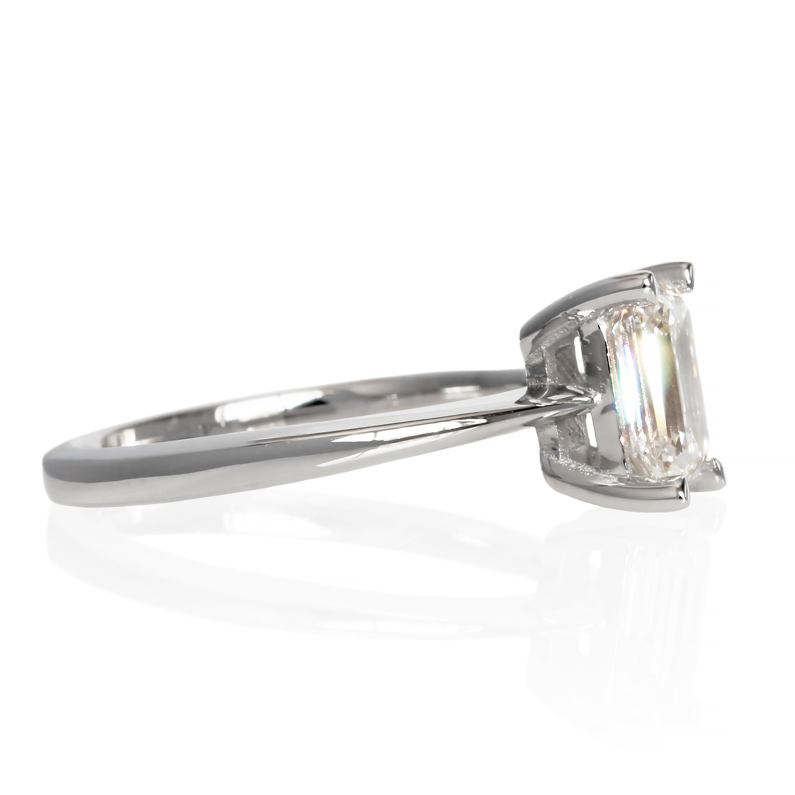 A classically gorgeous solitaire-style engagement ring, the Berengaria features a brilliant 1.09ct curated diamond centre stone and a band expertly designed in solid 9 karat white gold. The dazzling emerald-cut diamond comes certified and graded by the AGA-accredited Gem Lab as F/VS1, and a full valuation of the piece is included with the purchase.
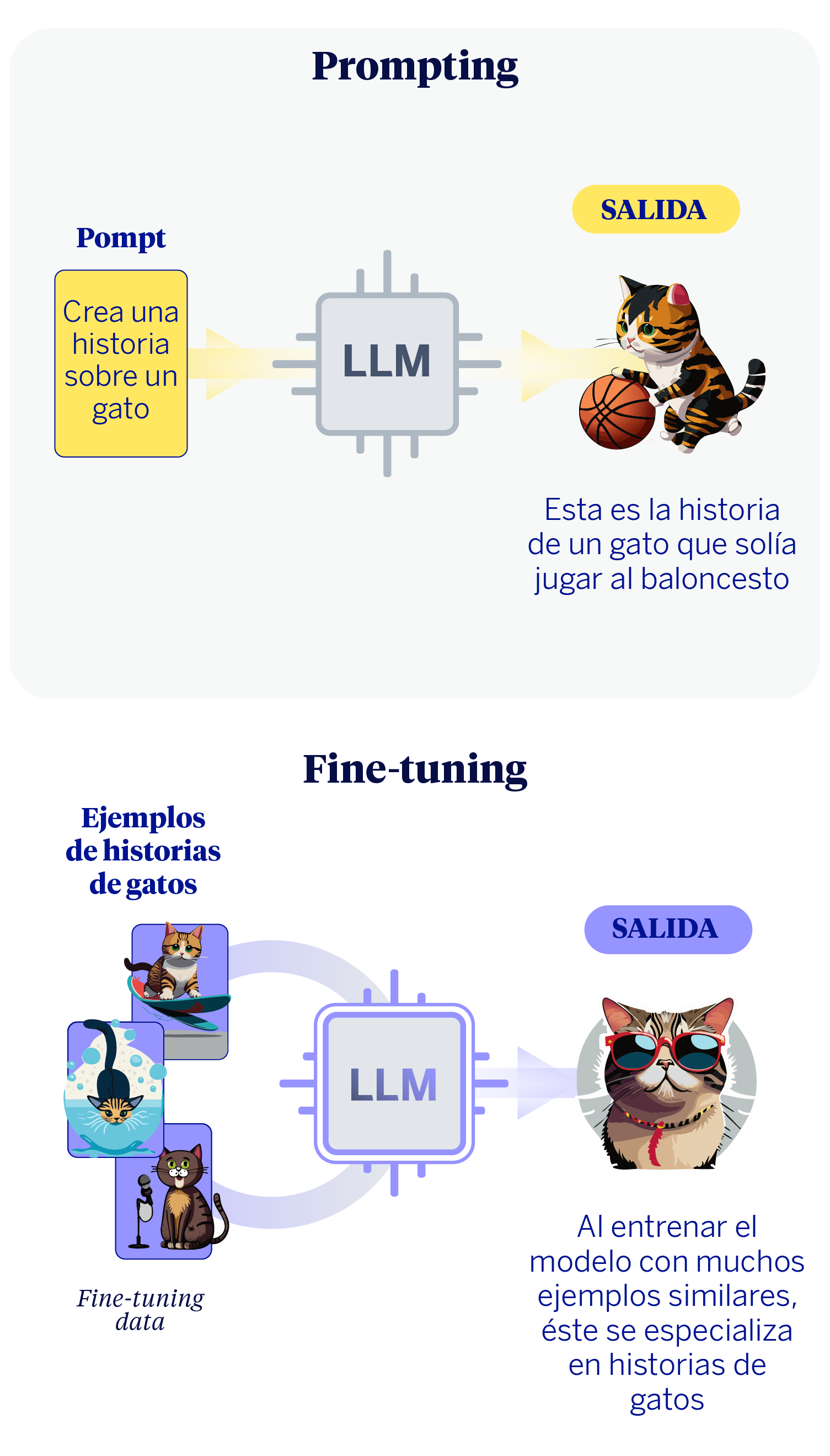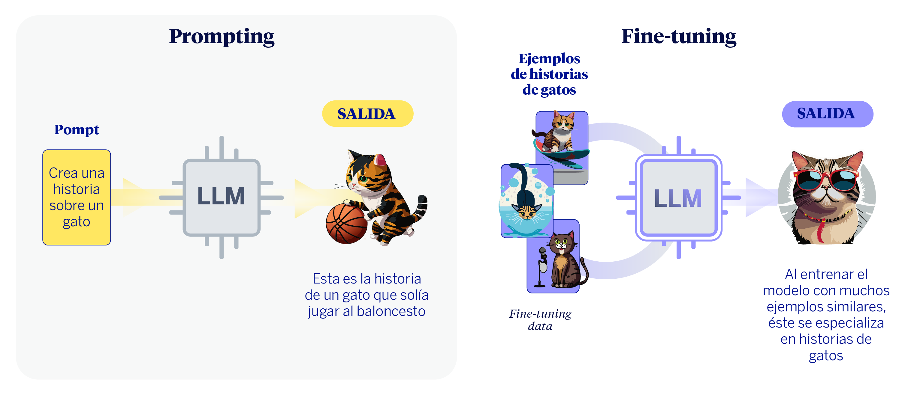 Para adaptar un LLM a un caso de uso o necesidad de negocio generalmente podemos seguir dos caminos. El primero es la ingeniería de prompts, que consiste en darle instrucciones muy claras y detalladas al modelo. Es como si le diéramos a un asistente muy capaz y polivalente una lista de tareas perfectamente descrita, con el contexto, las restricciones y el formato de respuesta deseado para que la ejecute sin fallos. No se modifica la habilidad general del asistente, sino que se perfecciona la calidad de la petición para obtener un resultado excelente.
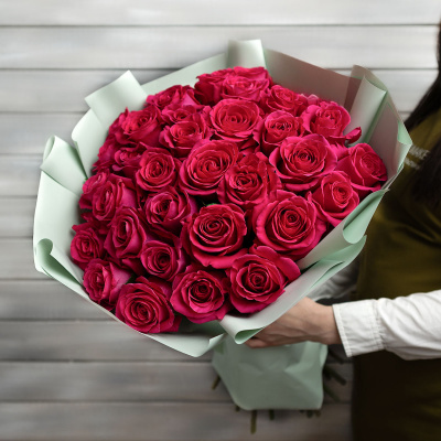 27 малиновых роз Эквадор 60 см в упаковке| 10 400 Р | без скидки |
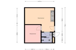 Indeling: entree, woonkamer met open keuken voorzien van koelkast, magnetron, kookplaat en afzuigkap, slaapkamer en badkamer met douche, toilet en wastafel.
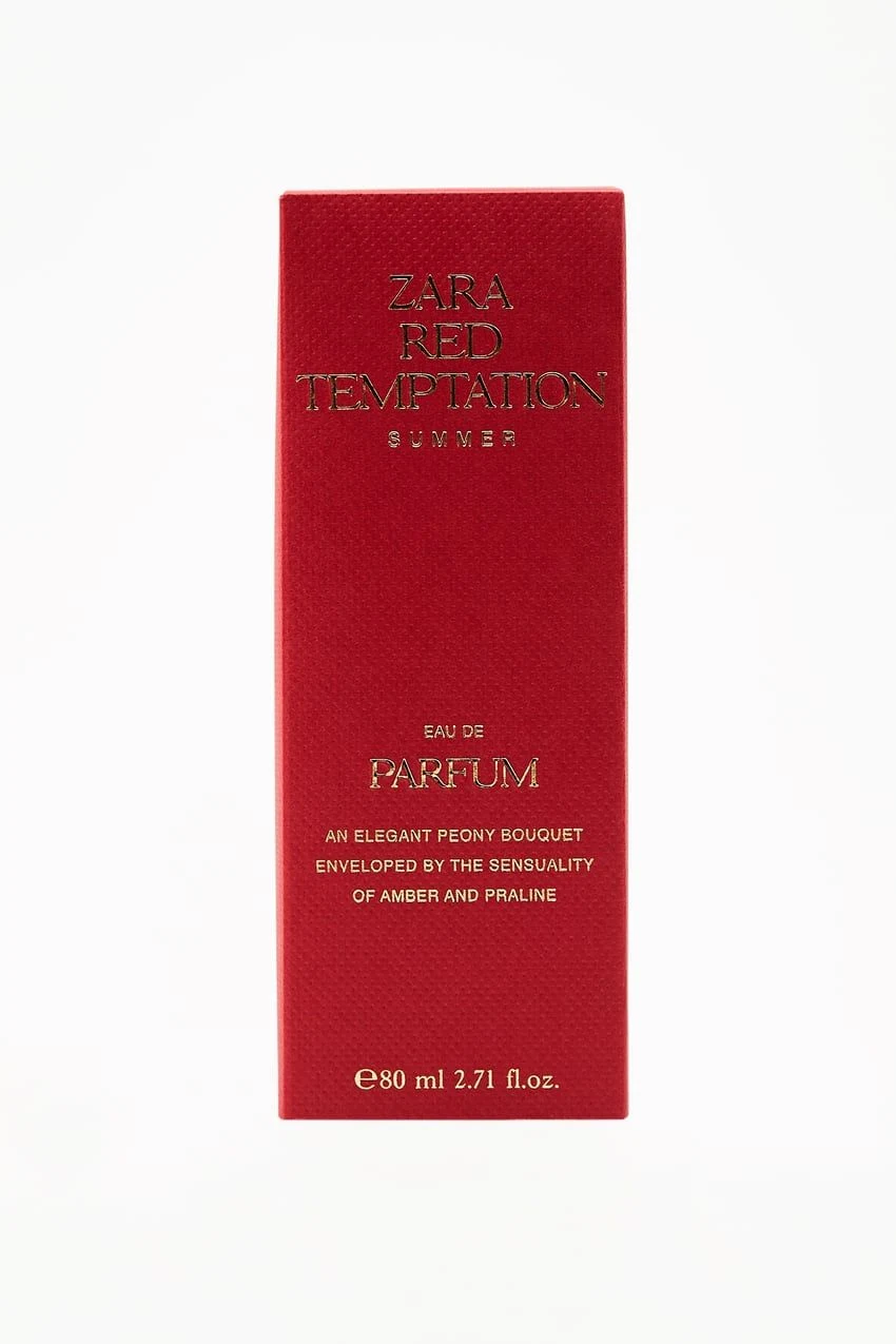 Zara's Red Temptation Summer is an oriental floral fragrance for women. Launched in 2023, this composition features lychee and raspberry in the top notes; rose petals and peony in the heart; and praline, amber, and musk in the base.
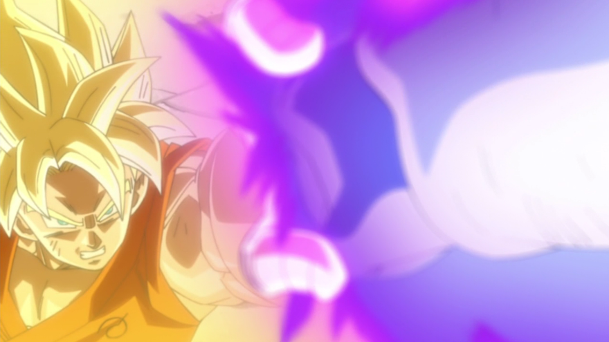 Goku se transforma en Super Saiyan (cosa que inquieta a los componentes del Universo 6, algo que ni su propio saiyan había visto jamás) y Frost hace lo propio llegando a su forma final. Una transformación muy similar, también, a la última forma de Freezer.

EXERCISE INSTRUCTIONS
Return the entries above in full and unchanged, omitting every image.

TASK ANSWER
 A classically gorgeous solitaire-style engagement ring, the Berengaria features a brilliant 1.09ct curated diamond centre stone and a band expertly designed in solid 9 karat white gold. The dazzling emerald-cut diamond comes certified and graded by the AGA-accredited Gem Lab as F/VS1, and a full valuation of the piece is included with the purchase.
 Para adaptar un LLM a un caso de uso o necesidad de negocio generalmente podemos seguir dos caminos. El primero es la ingeniería de prompts, que consiste en darle instrucciones muy claras y detalladas al modelo. Es como si le diéramos a un asistente muy capaz y polivalente una lista de tareas perfectamente descrita, con el contexto, las restricciones y el formato de respuesta deseado para que la ejecute sin fallos. No se modifica la habilidad general del asistente, sino que se perfecciona la calidad de la petición para obtener un resultado excelente.
 27 малиновых роз Эквадор 60 см в упаковке| 10 400 Р | без скидки |
 Indeling: entree, woonkamer met open keuken voorzien van koelkast, magnetron, kookplaat en afzuigkap, slaapkamer en badkamer met douche, toilet en wastafel.
 Zara's Red Temptation Summer is an oriental floral fragrance for women. Launched in 2023, this composition features lychee and raspberry in the top notes; rose petals and peony in the heart; and praline, amber, and musk in the base.
 Goku se transforma en Super Saiyan (cosa que inquieta a los componentes del Universo 6, algo que ni su propio saiyan había visto jamás) y Frost hace lo propio llegando a su forma final. Una transformación muy similar, también, a la última forma de Freezer.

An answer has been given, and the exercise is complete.